Hassan is about 180 km from Bangalore in southwest Karnataka.
With complex manoeuvres, the MCF has gently pushed the satellite into an elliptical orbit at 35,795 km away from earth (apogee) and 31,800 km closer to earth (perigee), tilting to the equatorial plane at 0.67 degrees east.
The two-tonne spacecraft would be taken to the geostationary altitude of 36,000 km Monday by raising the orbit further to park it in the intended final orbit.
The European Space Agency Arianespace launched the meteorological satellite from Kourou in French Guiana off the Pacific coast in the wee hours of Friday.
As the latest weather forecasting and monitoring satellite, Insat-3D has four instruments onboard -- Imager, Sounder, Data Relay Transponder and Satellite Aided Search and Rescue.

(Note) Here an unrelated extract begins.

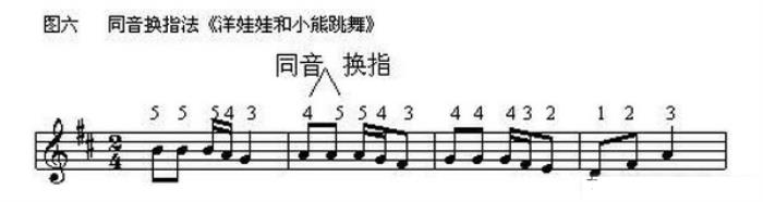 出于对乐句流畅的要求,需要扩大两指之间的距离时所采用的指法,如图四。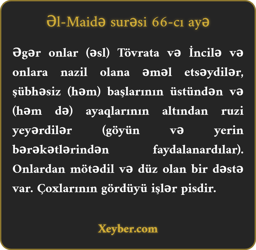 "Əgər onlar (yəhudilər və məsihilər) Tövrat və İncili, Rəbləri tərəfindən onlara nazil olanı bərpa etsəydilər, başlarının üstündən (səmadan) və ayaqlarının altından (yerdən) ruzi yeyərdilər. Onlardan bəziləri orta haldadırlar. Amma çoxlarının gördüyü iş pisdir.”

The six-channel imager takes weather pictures of the earth, with improved features compared to the instrument in earlier metsats such as Kalpana-1 and Insat-3A, which have been providing weather services over the past decade.
"The 19-channel sounder payload adds a new dimension to monitor weather through its atmospheric sounding system, and provides vertical profiles of temperature, humidity and integrated ozone," the statement noted.
Data relay transponder receives meteorological, hydrological, oceanographic parameters sent by the automatic data collection platforms located at remote uninhabited places and relays them to a processing centre for generating accurate weather forecasts.
The search and rescue instrument picks up and relays alert signals originating from the distress beacons of maritime, aviation and land-based users and relays them to the mission control centre to facilitate speedy search and rescue operations.
The state-run space agency will process the satellite's data and the derivation of meteorological parameters with the Indian meteorological department in New Delhi.
An indigenously designed and developed meteorological data processing system has been commissioned at IMD, with a mirror site at the space agency's space applications centre at Bhopal in Madhya Pradesh and Ahmedabad in Gujarat.